The Federal Reserve said that it would buy up to $600 billion in mortgage-backed assets from the government-sponsored mortgage finance giants Fannie Mae (FNM) and Freddie Mac (FRE). The agency would also buy up to $100 billion in debt directly from the companies and up to $500 billion in mortgage-backed securities.

In addition, the Fed and the Treasury unveiled a different $200B package to help commercial lending (car loans, student loans, etc).

The NYTimes article describes the move as:

The action by the Federal Reserve on buying mortgage-backed securities brings the full force of monetary policy to bear on the credit markets. Having already reduced the benchmark federal funds rate to just 1 percent, the central bank is now effectively using what economists call “quantitative easing” to reduce the costs of money.

Instead of trying to reduce overnight lending rates in the hope of influencing longer-term interest rates for things like mortgages, the Fed is directly subsidizing lower mortgage rates. It is doing so by printing unprecedented amounts of money, which would eventually create inflationary pressures if it were to continue unabated.

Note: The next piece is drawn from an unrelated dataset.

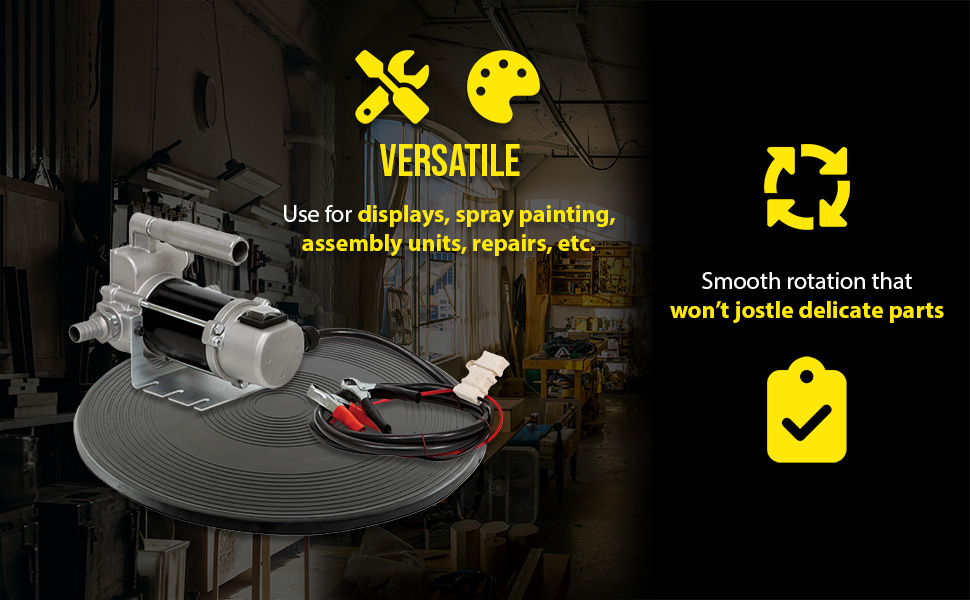 The Heavy-Duty Manual Turntable maximizes workspace and minimizes wasteful motion. Bench top turntables allow workers to stay in one position and rotate items for access from all sides. No need to walk around the table to access areas out of view. Easy and smooth bearing motion. Used in hundreds of applications; displays, paint spraying, assembly units, repairs, etc. Easy, smooth rotation won't jostle delicate parts. Rugged 5/16" steel plate construction. The double tier units, suffix DPED and CDPED, feature a stationary shelf for storing parts and tools. Series PED and DPED feature a turn knob height adjustment operation while the CPED and CDPED feature a gas cylinder up and down mechanism (similar design as office chairs).

It begs the question though: how much spending is going to occur as a result of the crisis? With additional programs, government spending is piling up quickly: $700B banking bailout plan, $50-$150B on the Citi (C) bailout, the new $800B credit program, $200B commercial lending program, the looming question of government-backed aid package to the American auto industry, and talks of additional stimulus packages being put into place.

The NYTimes article stated that:

Democratic leaders in Congress are gearing up to move quickly on an economic recovery package that aides said could cost more than $500 billion. The goal is to have a legislative package approved by the House and the Senate and ready for Mr. Obama to sign, perhaps on his first day in office, in January.

Clearly, with such unprecedented spending, it begs the question what is the net result when it is all said and done, and is the federal government overcompensating?

Obama has already issued some ‘belt-tightening’ language such as:

The economy’s likely to get worse before it gets better, full recovery will not happen immediately. And to make the investments we need, we’ll have to scour our federal budget, line by line, and make meaningful cuts and sacrifices.

However, even with his proposed reduced military spending, they are still going to be grossly over budget with the proposed programs being implemented. U.S. Markets remained turbulent Wednesday and are currently relatively even. Emerginvest will be extremely interested to see how the proposed plans are both structured and carried out in the upcoming months as the Obama administration transitions into the White House.

This article has 9 comments:

  •  
    Nov 27 09:09 AM
    I'm no forecaster, but all this debt has gotten my attention. So far it seems as though Obama is making a lot of good moves. Whether he can carry this momentum forward will be the real test. I'm certainly willing to give him a chance. It's refreshing compared to what we've had for the last 8 years.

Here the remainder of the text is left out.